Hacker News new | ask | show | jobs
by PureParadigm 1691 days ago
Using Pdfsandwich in college was like having a superpower. We would often be given PDFs with only image data. While my peers were still scrolling through and copying quotes by hand, I was there in seconds with Ctrl-F to find and copy/paste.

Once you have text in the PDF, you can use any sort of text analysis tools. You can use tools to convert it to plain text and grep through, or anything else you want.

That being said, it's not perfect, but still pretty awesome. Sometimes the spacing was off or it would confuse symbols like 1, I, or l. But these are minor and usually only on poorly scanned PDFs.

3 comments

Here's a tangentially related fun fact! Before you take the uniform bar examination in New York, you first have to take an at-home section called the New York Law Examination. There is a book[1] that covers all the New York specific law that could be on the examination. It used to be provided as a simple PDF, where you could potentially search it, but people seemed to feel it made the test too easy - since everything was in that book. So they made it an image PDF.

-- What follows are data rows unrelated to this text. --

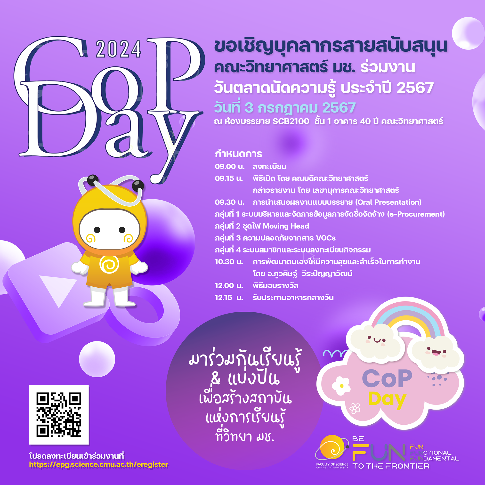 ขอเชิญบุคลากรสายสนับสนุน คณะวิทยาศาสตร์ มช. ร่วมโครงการ พัฒนากลุ่ม CoP คณะวิทยาศาสตร์ เพื่อนำไปสู่สถาบันการเรียนรู้ ประจำปี 2567
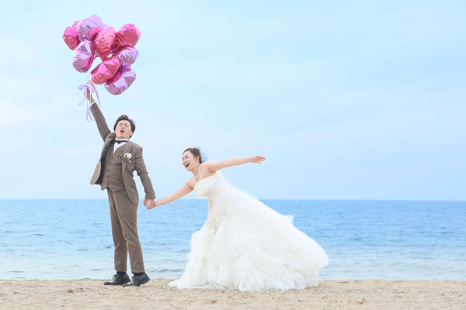雲一つない晴天の下でお洒落で可愛いお二人とロケーション撮影です ビーチでのサプライズは大成功♡♡感動的な...
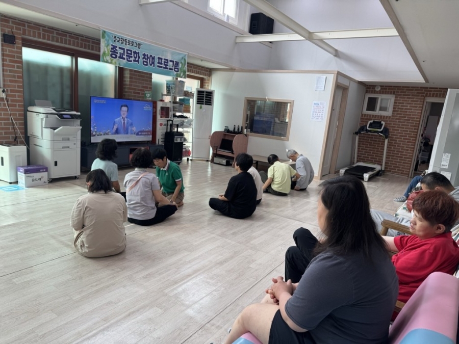 일요일 오후, 입주자분들과 함께 다목적실에 모여 TV로 종교 프로그램을 시청하였습니다.
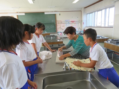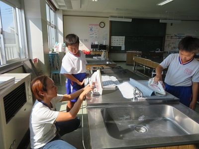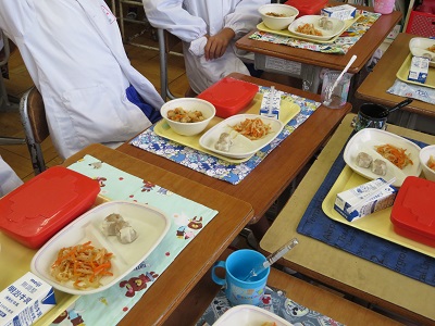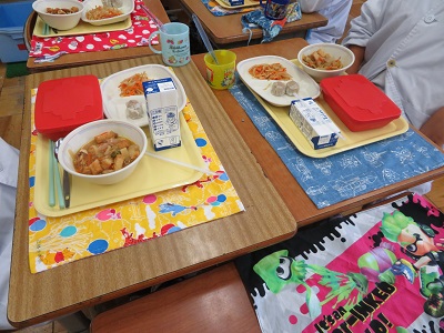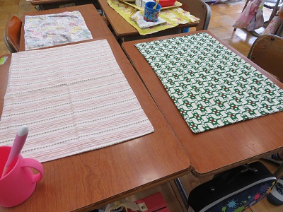 ランチマットが完成するとうれしくて、早速、給食の時間に使っている児童もいました。

Then, they put a warning on their site saying that they explicitly consider it to be misconduct search the book (e.g., by making the book searchable with OCR):

> The NYLC/NYLE Course Materials are locked in a non-searchable format in accordance with the Board’s misconduct rule prohibiting candidates from electronically searching the Course Materials when taking the NYLE. If a candidate, because of a disability, uses a screen reader to access written material, please contact the Board office by phone (518-453-5990), mail, or fax.

Kind of silly, sure! They don't want you searching the book during the exam, but they're fine with you going through it. And, following passing the bar exam, there is a character and fitness process, so students are fairly terrified of doing anything unethical, particularly things the bar explicitly says is unethical. So, it's basically an honor system, but with a big stick (although I haven't heard of any actual enforcement). If you OCR it, brag about it to your friends, and your friends really hate you, I guess they could report it.

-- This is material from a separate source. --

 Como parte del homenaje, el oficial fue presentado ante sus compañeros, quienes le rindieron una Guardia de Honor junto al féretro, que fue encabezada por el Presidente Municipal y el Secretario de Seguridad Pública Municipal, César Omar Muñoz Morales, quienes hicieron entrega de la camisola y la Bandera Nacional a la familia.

[1]https://www.nybarexam.org/Content/NewYorkCourseMaterials.pdf

As mentioned in your quote there’s a special version intended for disable candidates with larger text and searchable content so as to be compatible with screen readers. The version is freely available (not publicly but indexed by search engines) on their website.
On an even more macro level I've had a great experience with ripgrep-all[0], which uses Tesseract internally.

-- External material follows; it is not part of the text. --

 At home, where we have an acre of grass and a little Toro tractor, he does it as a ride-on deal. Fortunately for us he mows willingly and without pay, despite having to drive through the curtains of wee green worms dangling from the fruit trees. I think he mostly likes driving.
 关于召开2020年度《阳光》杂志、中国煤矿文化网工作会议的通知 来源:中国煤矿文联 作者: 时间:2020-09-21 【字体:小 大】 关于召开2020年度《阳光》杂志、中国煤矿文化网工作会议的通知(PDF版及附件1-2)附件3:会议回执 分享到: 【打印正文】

I have e.g. a directory with all weekly lecture slides for one lecture, and can directly find where (both file and page) we learned something related to photosynthesis via `rga photoshynthesis`.

[0]: https://github.com/phiresky/ripgrep-all

rga is one of my favorite tools ever.
I've read books that were scanned with OCR. You learn to deal with typical errors that occur, but overall the texts were mostly accurate.